Quote the material exactly from the line that contains "- Saadet Partisi" through its last line. Any pictures are to be left out.
START Source data
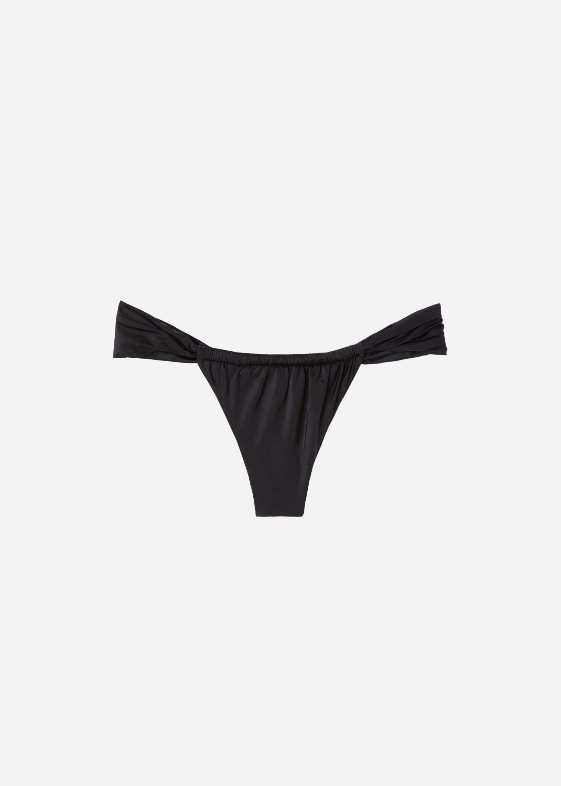 Brazilian bikini bottom with soft sides, featuring a bright fabric with a silky effect with ruffles. Fully lined with invisible seams.
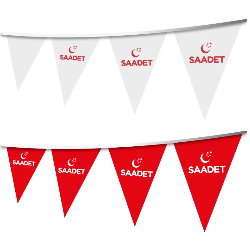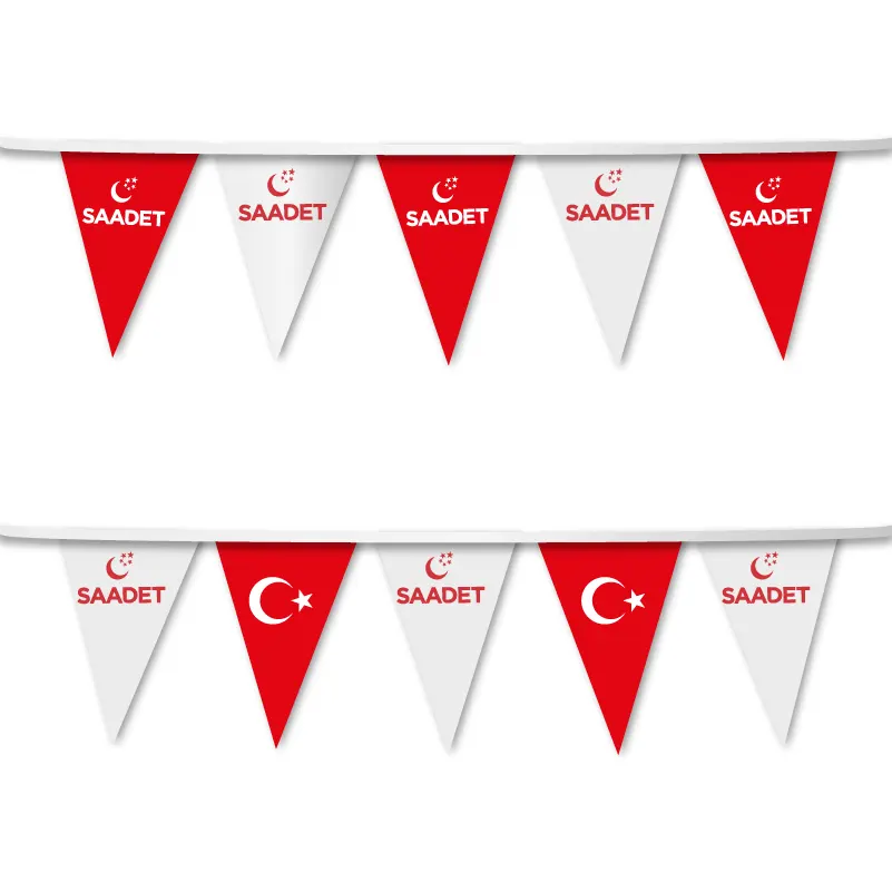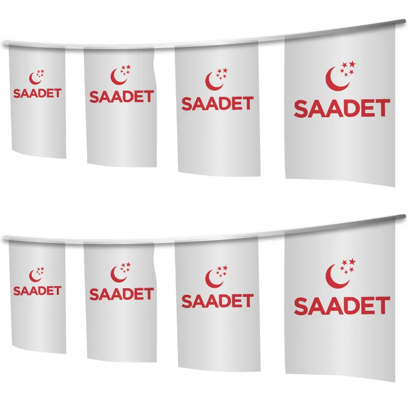 - Saadet Partisi İpe Dizili Bayrak üçgen veya dörtgen şekillerinde üretilebilir.
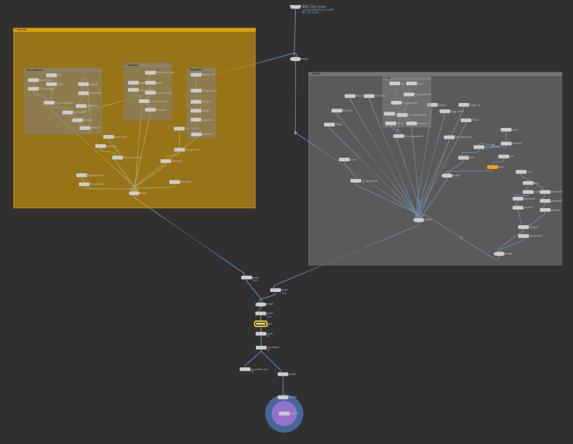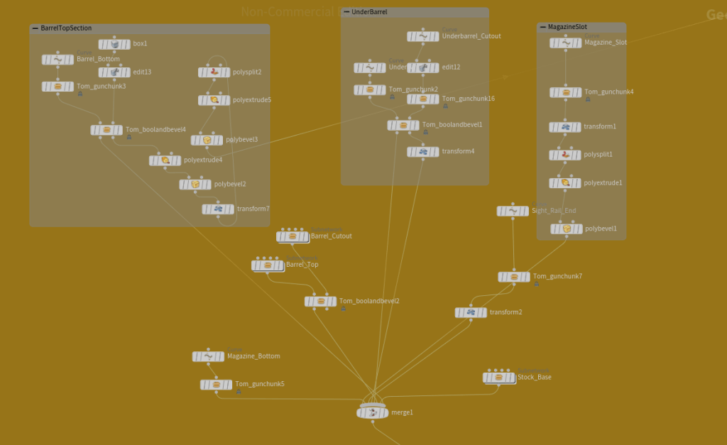 Below is an outline of the network for the entire project with the asset split into two key sections with the yellow representing the matte powder coated components of the gun and the grey representing the shiny metallic components. Structuring the project this way made it much easier to texture when the asset was exported into Substance Painter, and also allowed me to make changes to specific components as needed.
END Source data
= Result below =
 - Saadet Partisi İpe Dizili Bayrak üçgen veya dörtgen şekillerinde üretilebilir.
 Below is an outline of the network for the entire project with the asset split into two key sections with the yellow representing the matte powder coated components of the gun and the grey representing the shiny metallic components. Structuring the project this way made it much easier to texture when the asset was exported into Substance Painter, and also allowed me to make changes to specific components as needed.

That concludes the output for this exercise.